1999–2000 Moldovan Cup

Tournament details
- Country: Moldova

Final positions
- Champions: Constructorul
- Runners-up: Zimbru

= 1999–2000 Moldovan Cup =

The 1999–2000 Moldovan Cup was the ninth season of the Moldovan annual football cup competition. The competition ended with the final held on 24 May 2000.

==Round of 16==
The first legs were played on 20 October 1999. The second legs were played on 3 November 1999.

| Team 1 | Agg.Tooltip Aggregate score | Team 2 | 1st leg | 2nd leg |
|---|---|---|---|---|
| Constructorul | 10–1 | Intersport | 9–1 | 1–0 |
| Tiligul | 3–2 | Haiduc-Sporting | 1–2 | 2–0 |
| Energhetic | 2–7 | Olimpia | 0–2 | 2–5 |
| Agro | 1–1 (a) | Nistru-Unisport | 1–1 | 0–0 |
| Petrocub-Spicul | 1–6 | Zimbru | 1–2 | 0–4 |
| Moldova-Gaz | 11–2 | Chițcani | 7–1 | 4–1 |
| Unisport | 2–1 | Roma | 1–1 | 1–0 |
| Cimentul | 1–12 | Sheriff | 0–3 | 1–9 |

==Quarter-finals==
The first legs were played on 15 March 2000. The second legs were played on 5 April 2000.

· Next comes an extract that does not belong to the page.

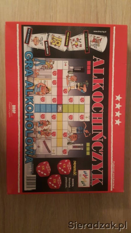 Witam sprzedam nowa grę alkochinczyk dla dorosłych. W grę nigdy się nie grało .W środku jest plansza, kieliszki, pionki i kostka.Mozliwa wysylka.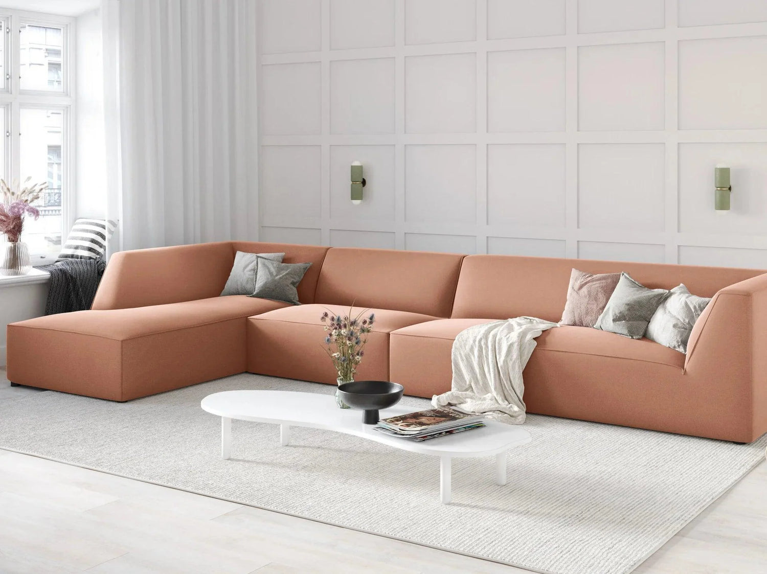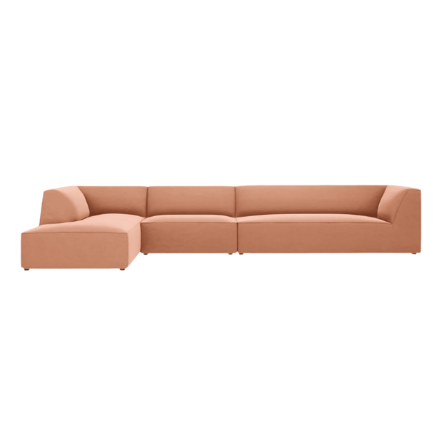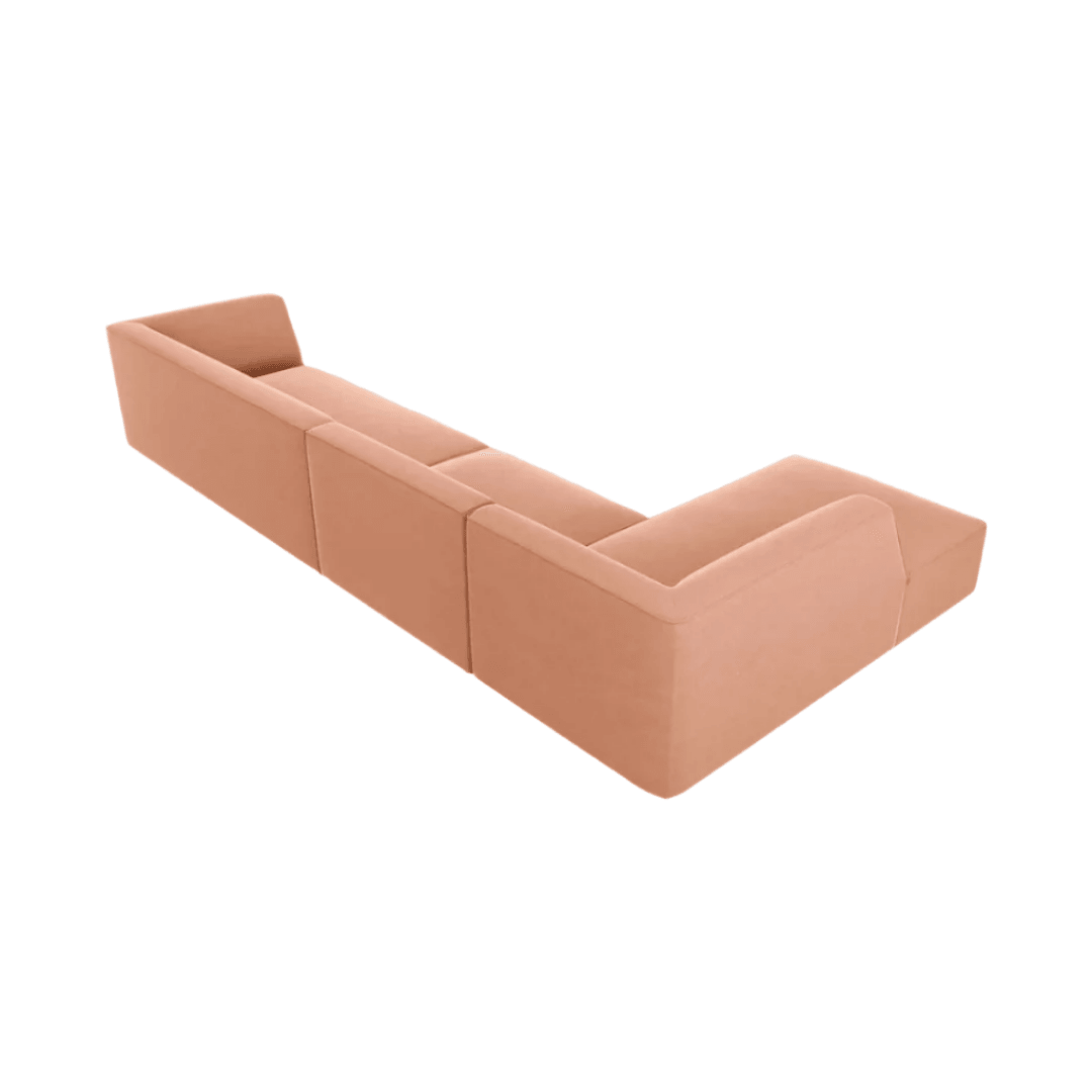 Ruby balos bársony sarokkanapé 366x180 - Rózsaszín utólagos megrendelésre kerül, és azonnal kiszállítjuk, amint újra raktáron van.

| Team 1 | Agg.Tooltip Aggregate score | Team 2 | 1st leg | 2nd leg |
|---|---|---|---|---|
| Constructorul | 3–2 | Olimpia | 3–0 | 0–2 |
| Moldova-Gaz | 1–1 (a) | Sheriff | 0–0 | 1–1 |
| Zimbru | 10–0 | Unisport | 10–0 | w/o |
| Nistru-Unisport | 3–1 | Tiligul | 1–0 | 2–1 |

==Semi-finals==
The first legs were played on 19 April 2000. The second legs were played on 3 May 2000.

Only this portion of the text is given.